#### [Assigned task]
Nothing after the line with "2023年3月31日,杭州纽" belongs in the copy; extract the lines below from the top through that line, pictures left out.
------------------------------------
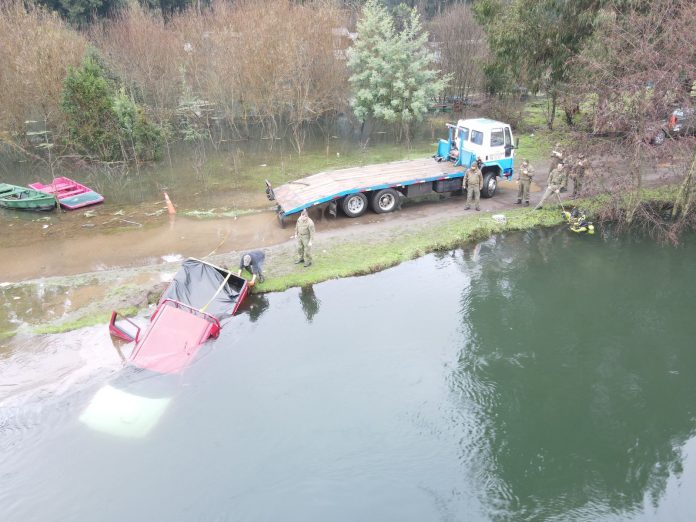 Personal del Grupo de Operaciones Policiales Especiales (GOPE) de Carabineros de Los Ríos trabajó durante la mañana de este martes en la extracción del vehículo que la noche de este lunes cayó a las aguas del río Bueno, y en que fallecieron dos personas.
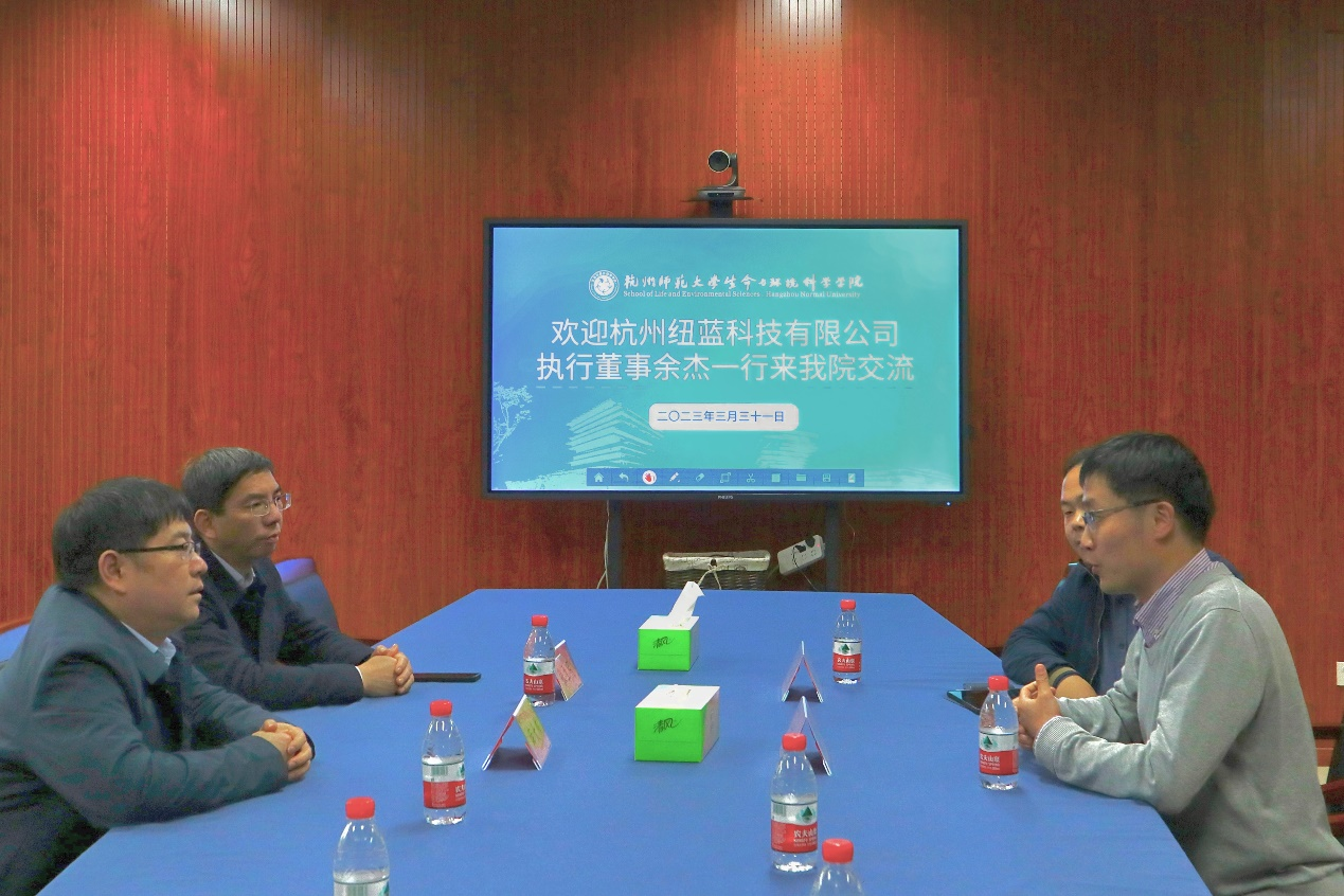 2023年3月31日,杭州纽蓝科技有限公司执行董事余杰一行到学院交流,做爱自拍 党委书记张立明、院长薛大伟等参加,双方就学生就业、本科生定向培养、研究生培养、平台合作等进行了合作探讨。
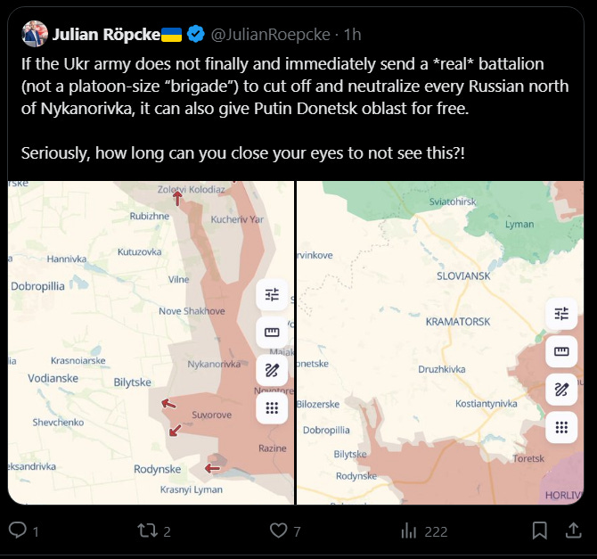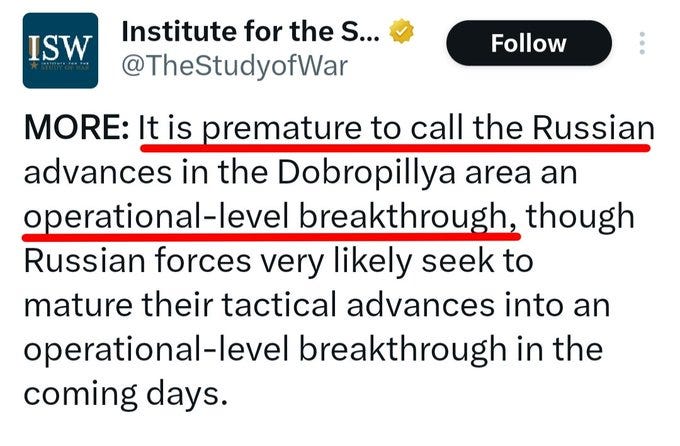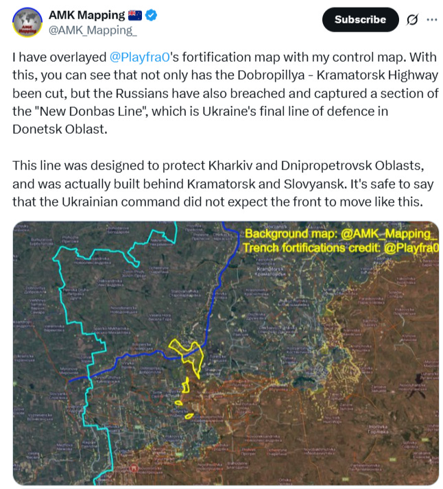 There are so many varied implications of this ongoing breakthrough that they could take up several articles worth of material. But to summarize, not only is the Pokrovsk area threatened, but even the larger Kramatorsk agglomerate is under major threat with the cutting of the Dobropillya-Kramatorsk highway:
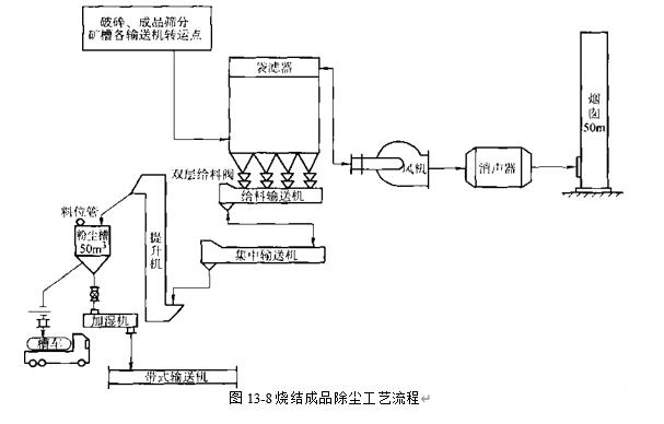 除塵工藝流程燒結成品工部除塵宜設計集中式除塵系統,選用分室反吹風或脈沖袋式除塵器,確保粉塵排放濃度小于50mg/m3(標準狀態).收下粉塵經鏈板輸送機和斗式提升機集中到粉塵槽內.
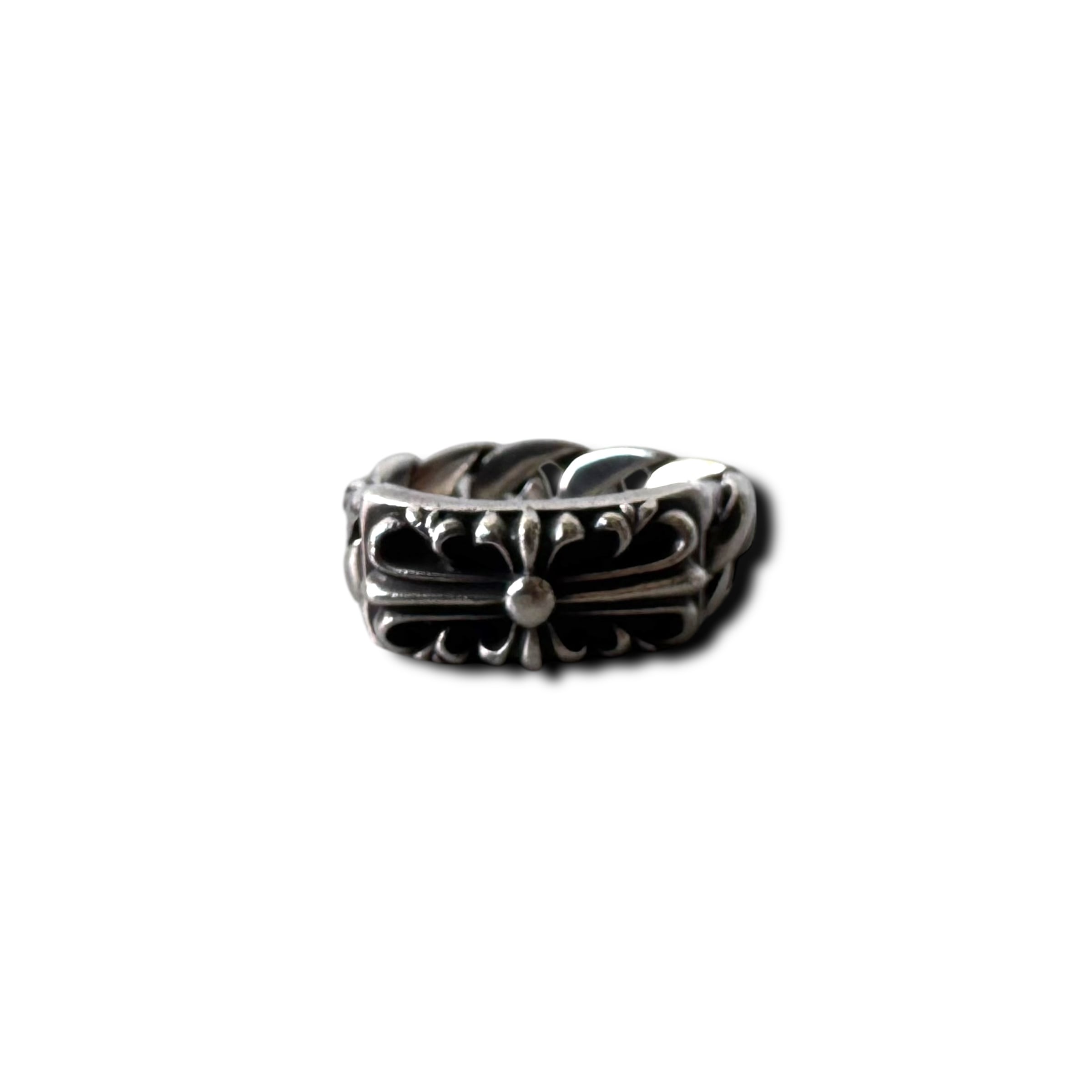♾vintage silver jewelry♾ floral cross motif chain design ring size 20号 sv925
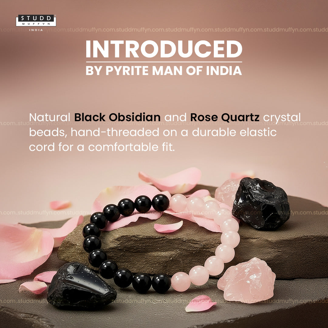 Obsidian shields against negativity, clears mental fog, and stabilizes your energy, while Rose Quartz opens the heart to self-love, healing, and emotional balance. Together, they create an energetic synergy that promotes peace, clarity, and emotional resilience — making it the perfect everyday companion for those seeking inner alignment.
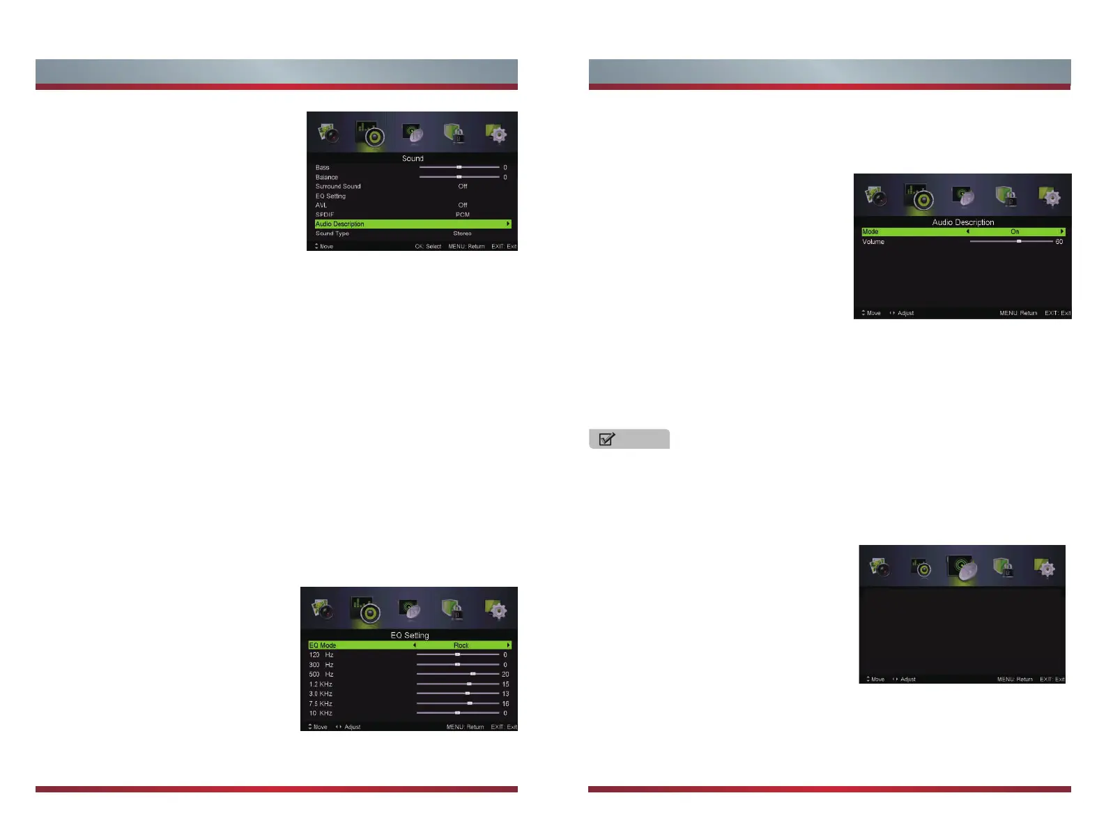 Balance: This item can adjust the speaker’s output, it enables you to listen to best at
------------------------------------
#### [Exercise output]
 Personal del Grupo de Operaciones Policiales Especiales (GOPE) de Carabineros de Los Ríos trabajó durante la mañana de este martes en la extracción del vehículo que la noche de este lunes cayó a las aguas del río Bueno, y en que fallecieron dos personas.
 2023年3月31日,杭州纽蓝科技有限公司执行董事余杰一行到学院交流,做爱自拍 党委书记张立明、院长薛大伟等参加,双方就学生就业、本科生定向培养、研究生培养、平台合作等进行了合作探讨。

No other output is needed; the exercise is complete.